Are the days of free content on the net numbered?
- 8 November 2013
- From the section Technology
Fortune writer Adam Lashinsky seemed stunned and bemused by the blowback from his readers.
He had written about the 3G buyout of Heinz on the professional networking site LinkedIn, and added: "Fortune [where I work] published a longish preview of the article here. The full version is here, and you'll have to be a Fortune subscriber to read it. No apologies by the way. The kids say they can get everything they need to read for free on the internet. Sorry. It's not true."
Readers erupted. The most "liked" comment, 319 up to the time of publishing, was this: "If your Fortune article is as empty of content as this LinkedIn article, I think I'll stick to the free sources. Please refrain from spam postings."
Mr Lashinsky wrote a combative follow-up defending subscription. He was unapologetic.
"As far as the readers of my post were concerned, I had committed the cardinal sin of social media, which was to link to an article for which they had to pay", he tells the BBC.
"To paraphrase their response, how dare I tell them about something that was not available to them for free."
So, are the battle lines being drawn between free and subscription?
Tumbling ad revenues and circulation are hitting traditional newspapers hard, making some of them charge for content.
"Advertising is weakening on newspaper sites and online sites because you can target the ads through Google and Facebook to individual people," says blogger Andrew Sullivan.
He made the one-million-readers-a-month The Dish a standalone blog, taking it out of the Newsweek/Daily Beast site and charging readers $20 (£12.50) a year.
"We media have to find another model that does not rely on advertising. It's not actually working financially in the long run," Mr Sullivan says.
"Advertising-supported news was a glorious accident," adds Mr Lashinsky. "We need other revenue streams. Subscriptions are a good one."
Many readers seem resistant to paying for online content. Some sites have designed metered models that recognise that.
The New York Times brings down a pay curtain after 10 free articles a month.
The Times, in the UK, makes the start of articles visible, and directs readers wanting to see more to pay to access the rest.
The Wall Street Journal and Financial Times have a combination of pay, free and registration content. Some sites have promotions for free or reduced subscriptions, or bundles with other product and services offers.
Into the picture has stepped Jeff Bezos, of Amazon, who brings to a historic title, the Washington Post, a dose of modern start-up and retail savvy.
Computer science engineer Robert Cailliau is the often unheralded other half of the story of inventing the world wide web, alongside Sir Tim Berners-Lee.
The web was initially a system to connect the world's universities, which did not have a simple way of accessing each other's remotely stored academic papers and documents.
Mr Cailliau, a Belgian, is now retired from Cern (the European Organisation for Nuclear Research in Geneva) and lives in France. He says that the idea of "dealing with the value of information" has been around for 20 years.
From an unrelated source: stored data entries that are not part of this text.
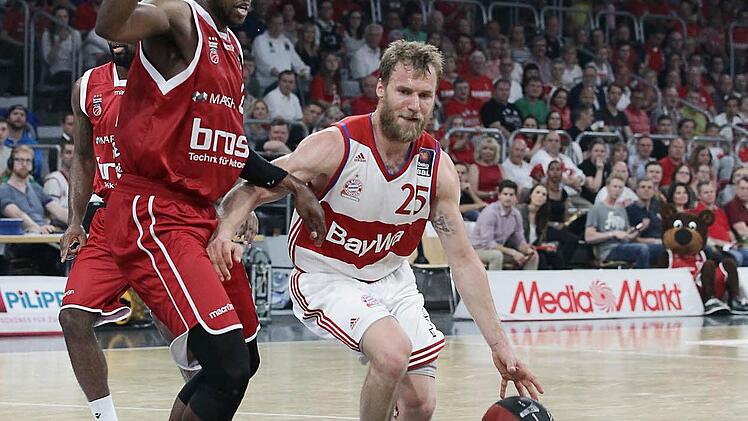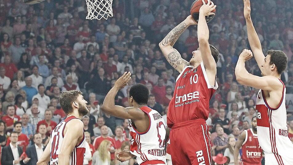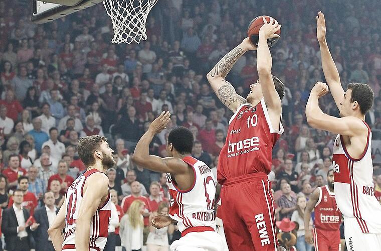 Aber nicht nur für die Akteure gab es viel Beifall: Meisterspieler Rick Stafford und sein von einer Krebserkrankung genesener Sohn Ricky versenkten beim Spendenwurf die Freiwürfe wesentlich sicherer als die Bayern, die in der ersten Halbzeit bei 18 Versuchen nur siebenmal getroffen hatten. Und just als NBA-Profi Dennis Schröder zu Beginn des zweiten Viertels in der Halle eintraf und sich ein Trikot mit der Nummer 10 überzog, verwandelte sein Kumpel Daniel Theis einen Dreier.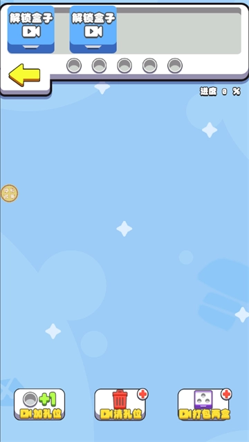 3、在玩法页,可通过【加孔位】【清孔位】【打包两会】这些操作,观看广告来解锁【盒子】,并将进度推进至100% 。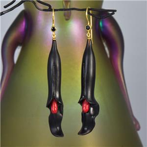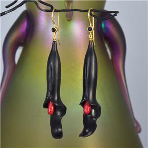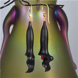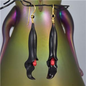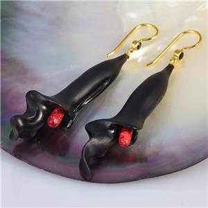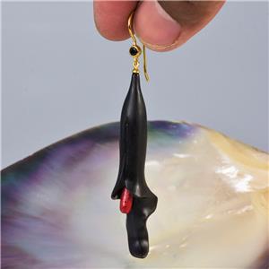 Black horn & Red Sponge Coral with Black Spinel gemstones and 18K Gold Vermeil over solid 925 Sterling Silver hook earrings.

"It was impossible for someone to say, 'I worked very hard to put up this information to keep these articles up to date… I want you to pay me, say one cent every time you click on one of my pages.'"
Mr Cailliau thinks that monthly subscriptions are too expensive and restrictive. He says the pay-as-you-go mobile phone model is a great one for online content.
"When you send an SMS, you pay a small amount of money. Each individual action should be billed individually," he says.
"My browser should pay you automatically a cent or two cents per page without me feeling it. I should not have to prepay a large amount of money."
"Why re-invent? The telephone already does that. We already have a worldwide system that's capable of billing the customer for every move he makes."
Bezos and the future
Tien Tzuo is chief executive of Zuora, a San Francisco subscription management company.
Its clients include News International - parent company of the Times - and Fairfax, owners of some of the largest titles in Australia.
"Two cents a view is one possible model, but not necessarily the best," he says.
"Your wireless plan now has prepaid plans, post-paid plans, family plans, nights and weekend plans, unlimited plans, bundles.
"And people actually do not like feeling metered, they don't like being on a phone call and feeling like they have to get off the phone."
What does he think his fellow West Coast entrepreneur Mr Bezos brings to the newspaper business?
"People forget that Amazon built warehouses and distribution centres - a bricks and mortars operation to go with the internet side," he answers.
"For newspapers, some people still want the printed product on their commute on the bus or the train.
"On weekends at the kitchen table, people like to spread out the Sunday papers, and take out their favourite section."
Can online media survive without subscriptions?
"No," says Mr Tzuo firmly.
"For freemium models like Evernote and Dropbox, there's enormous value in the free product, but eventually you need customers to pay. That's the best economic foundation for your organisation.
"The gravy train is over. There is no more advertising subsidies that can power newspapers."
Digital platforms cost money to build, but we still get much of our online content for free.
That may be changing, but the question of the most effective way of balancing reader browsing habits with businesses' need to be viable, is far from settled.